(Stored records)
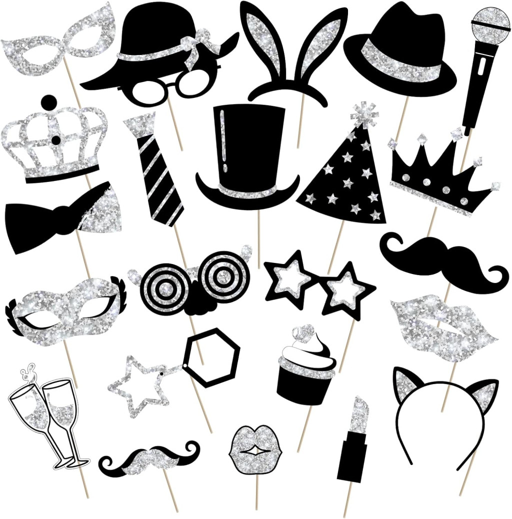 Zonon 24 darabos Party Photo Booth kellékek szett - sapka, pohár, nyakkendő, korona ezüst
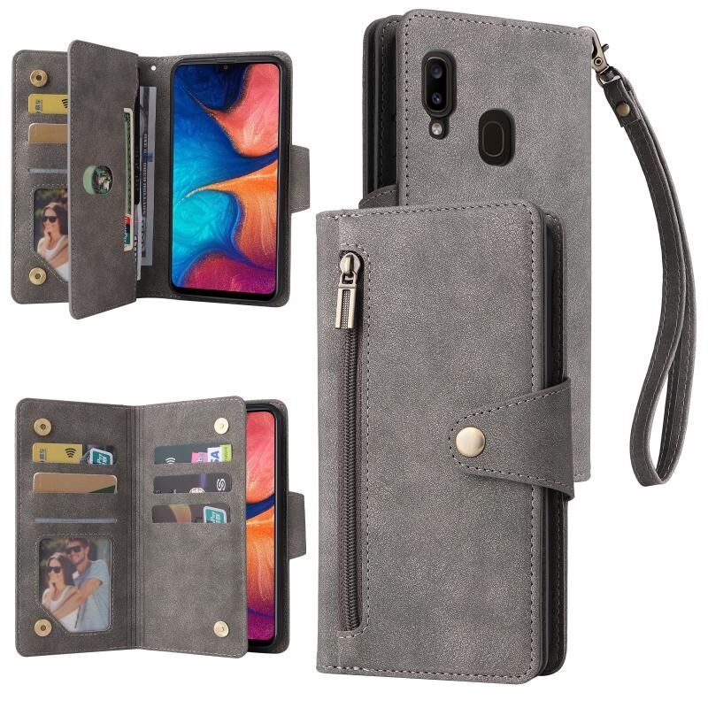Για Samsung Galaxy A20 Rivet πόρπη 9 κάρτες τρεις φορές δερμάτινη θήκη τηλεφώνου (γκρι)
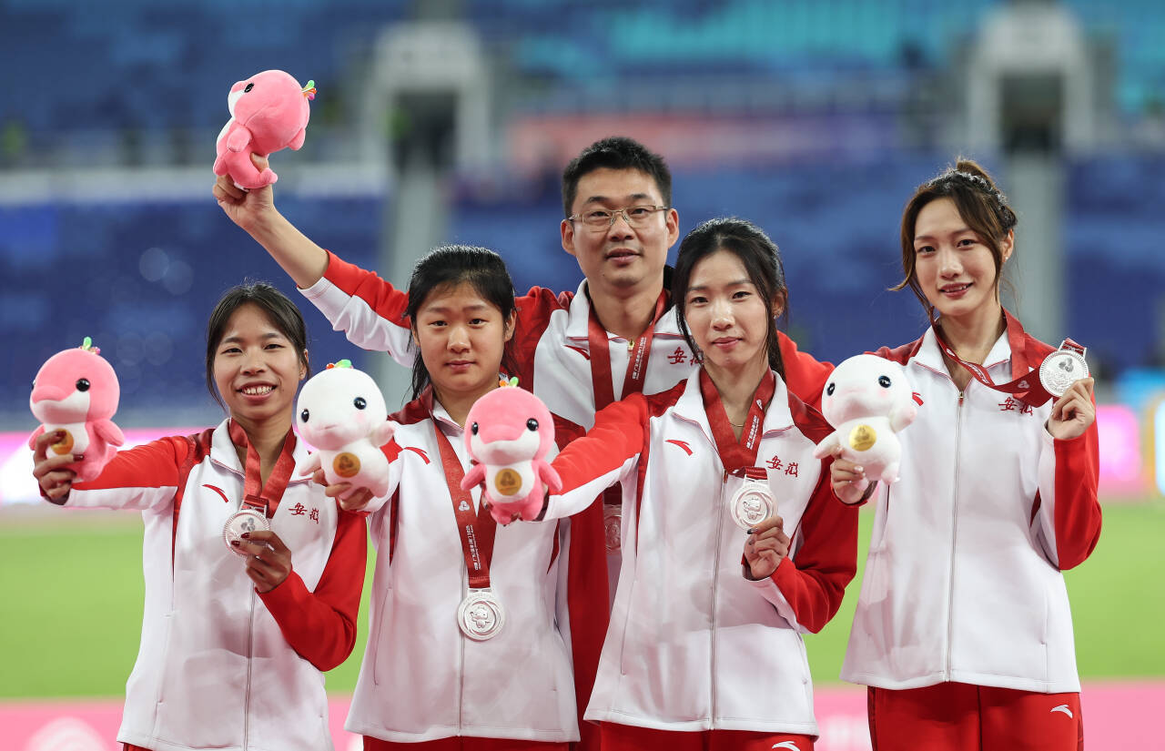 11月20日晚,女子4X400米接力,由李玉婷、汪亚君、麦思炜、周莉组成的安徽女子接力队发挥出色,以3分34秒41的成绩斩获银牌,创造安徽女子4X400米全运会历史最好战绩。
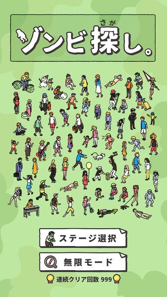 一款画风非常新奇的小游戏,虽然游戏是日文,但是对进行游戏没有太大的影响,你只要记住快速找到你要寻找的那个僵尸就可以了,可能就在你慌神的时候好多人的脸已经变绿了,这时候效率会越来越低,所以进入游戏后不要犹豫,快速锁定绿色的脸,玩着玩着还有点小激动,游戏感觉很魔性,而且停不下来,就是广告有点多,让人放松的一款游戏,可以试试哦。
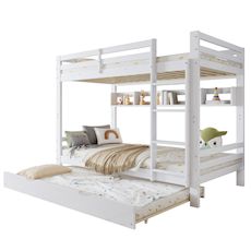 Configuration de base et composition des matériaux : Ce lit superposé blanc pour enfant de 90 x 200 cm est fabriqué en pin, Panneau composite de fibres de bois à densité et contreplaqué, alliant stabilité et durabilité.
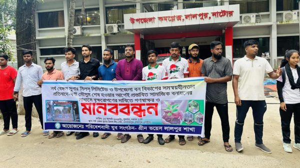 লালপুর (নাটোর) প্রতিনিধি: নাটোরের লালপুরে ৬ কিলোমিটার খালের পাড়ে সামাজিক বনায়ন প্রকল্প বাস্তবায়নে নর্থ বেঙ্গল সুগার মিলের (চিনিকল) ও বন বিভাগের সমন্বয়হীনতার প্রতিবাদে ও বর্ষা শেষ হওয়ার আগে প্রস্তাবিত
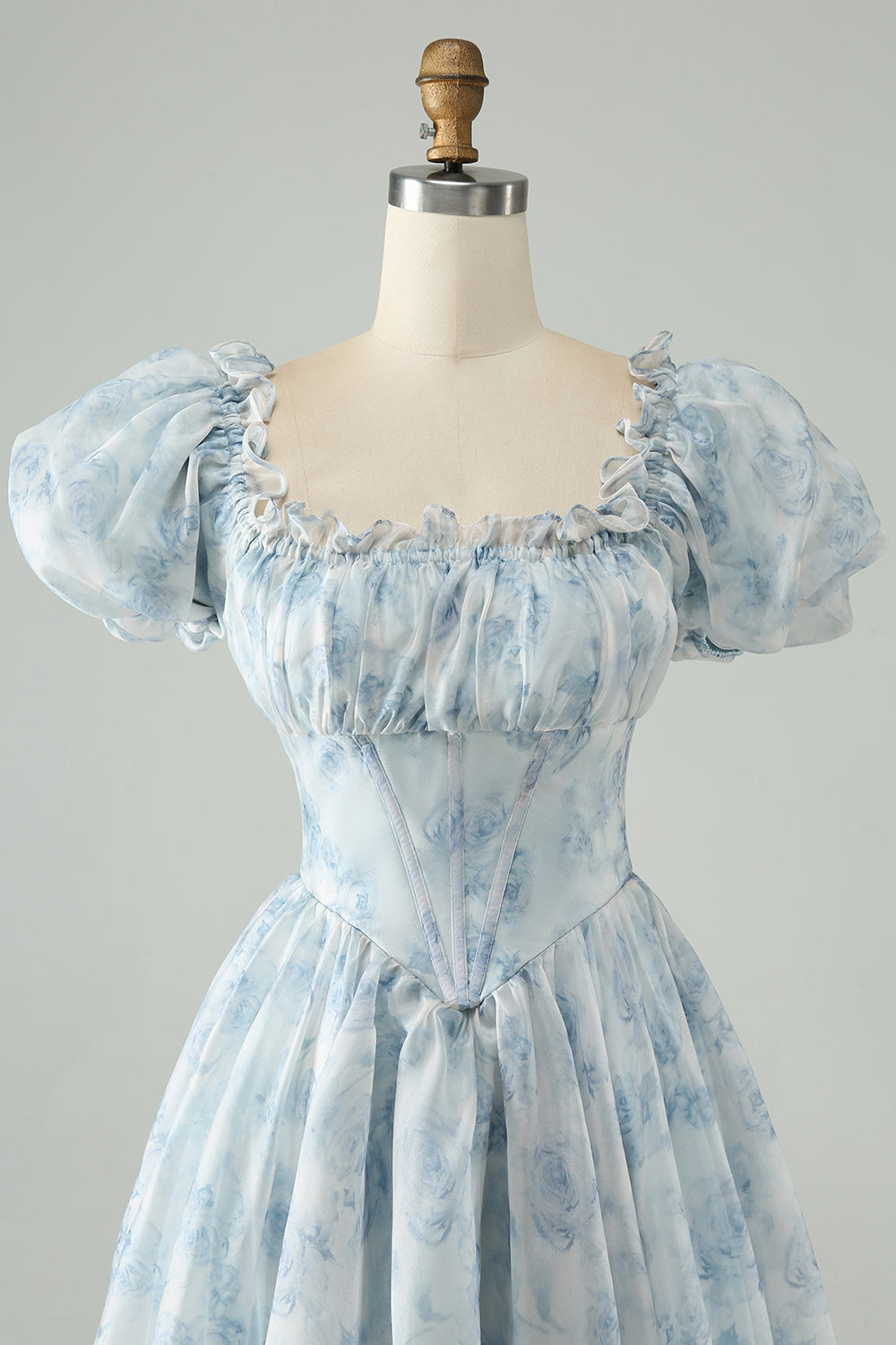 Robe courte de bal vert clair à col carré et imprimé floral, coupe trapèze et volants
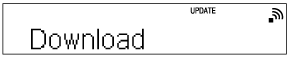 Повідомлення [Download] і [Update] відображатимуться безперервно, а потім, коли почнеться оновлення, індикатор режиму очікування засвітиться жовтогарячим. Не використовуйте домашню аудіосистему або пульт дистанційного керування під час оновлення.
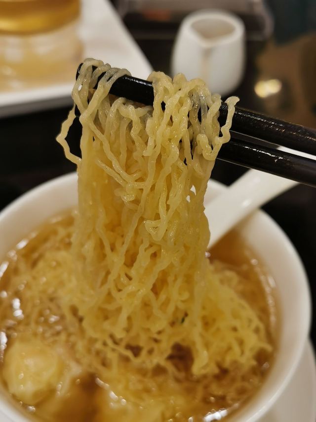 单品 ⭕️ 鲜虾蟹子云吞面,云吞垫起竹升面,避免面条在面汤当中坨掉~云吞里的鲜虾🦐 超爽口!新鲜入味~ 面汤大地鱼和虾味浓郁,竹升面爽口弹牙!吃完还想继续吃,超喜欢的!!
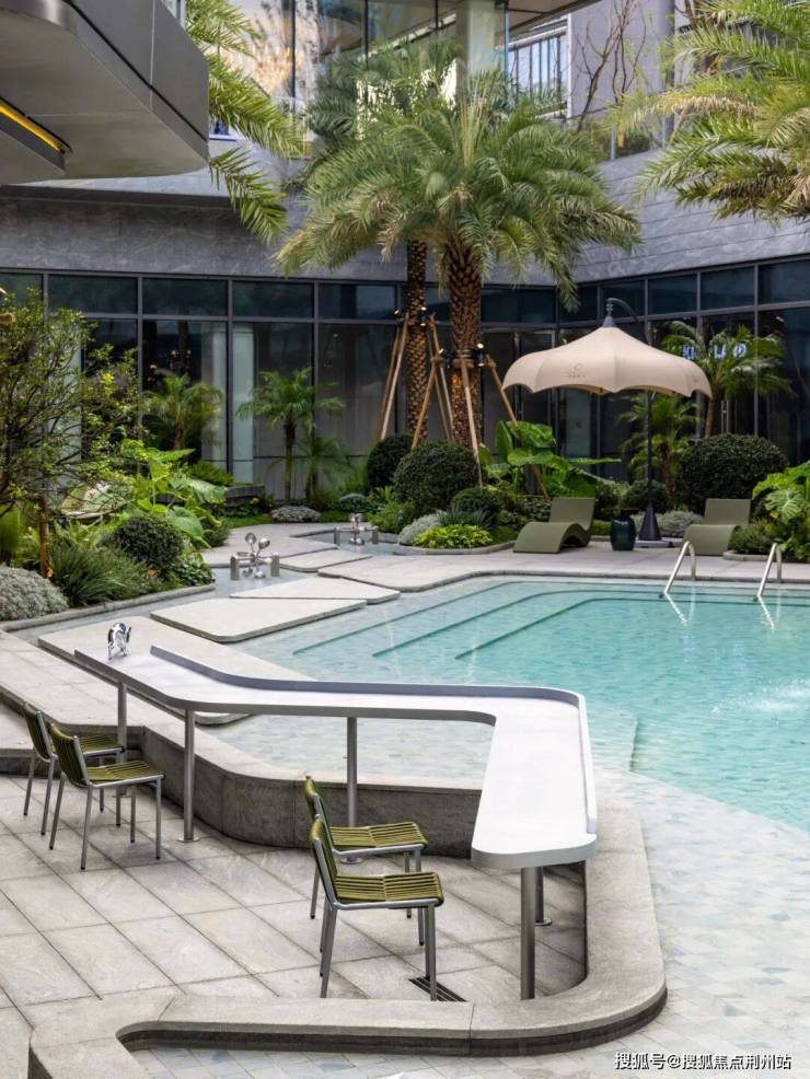 树荫檐下,以原生绿意围合出静谧一隅,成为闲读漫谈的理想场所 ,热带植物、休闲躺椅、艺术卡座相映成趣,水光潋滟间,写就了一幅现代都市中的桃源画卷。

PROBLEM DESCRIPTION ▸
Could you reproduce every entry exactly, leaving out the pictures?

ANSWER BOX ▸
 Zonon 24 darabos Party Photo Booth kellékek szett - sapka, pohár, nyakkendő, korona ezüst
Για Samsung Galaxy A20 Rivet πόρπη 9 κάρτες τρεις φορές δερμάτινη θήκη τηλεφώνου (γκρι)
 11月20日晚,女子4X400米接力,由李玉婷、汪亚君、麦思炜、周莉组成的安徽女子接力队发挥出色,以3分34秒41的成绩斩获银牌,创造安徽女子4X400米全运会历史最好战绩。
 一款画风非常新奇的小游戏,虽然游戏是日文,但是对进行游戏没有太大的影响,你只要记住快速找到你要寻找的那个僵尸就可以了,可能就在你慌神的时候好多人的脸已经变绿了,这时候效率会越来越低,所以进入游戏后不要犹豫,快速锁定绿色的脸,玩着玩着还有点小激动,游戏感觉很魔性,而且停不下来,就是广告有点多,让人放松的一款游戏,可以试试哦。
 Configuration de base et composition des matériaux : Ce lit superposé blanc pour enfant de 90 x 200 cm est fabriqué en pin, Panneau composite de fibres de bois à densité et contreplaqué, alliant stabilité et durabilité.
 লালপুর (নাটোর) প্রতিনিধি: নাটোরের লালপুরে ৬ কিলোমিটার খালের পাড়ে সামাজিক বনায়ন প্রকল্প বাস্তবায়নে নর্থ বেঙ্গল সুগার মিলের (চিনিকল) ও বন বিভাগের সমন্বয়হীনতার প্রতিবাদে ও বর্ষা শেষ হওয়ার আগে প্রস্তাবিত
 Robe courte de bal vert clair à col carré et imprimé floral, coupe trapèze et volants
 Повідомлення [Download] і [Update] відображатимуться безперервно, а потім, коли почнеться оновлення, індикатор режиму очікування засвітиться жовтогарячим. Не використовуйте домашню аудіосистему або пульт дистанційного керування під час оновлення.
 单品 ⭕️ 鲜虾蟹子云吞面,云吞垫起竹升面,避免面条在面汤当中坨掉~云吞里的鲜虾🦐 超爽口!新鲜入味~ 面汤大地鱼和虾味浓郁,竹升面爽口弹牙!吃完还想继续吃,超喜欢的!!
 树荫檐下,以原生绿意围合出静谧一隅,成为闲读漫谈的理想场所 ,热带植物、休闲躺椅、艺术卡座相映成趣,水光潋滟间,写就了一幅现代都市中的桃源画卷。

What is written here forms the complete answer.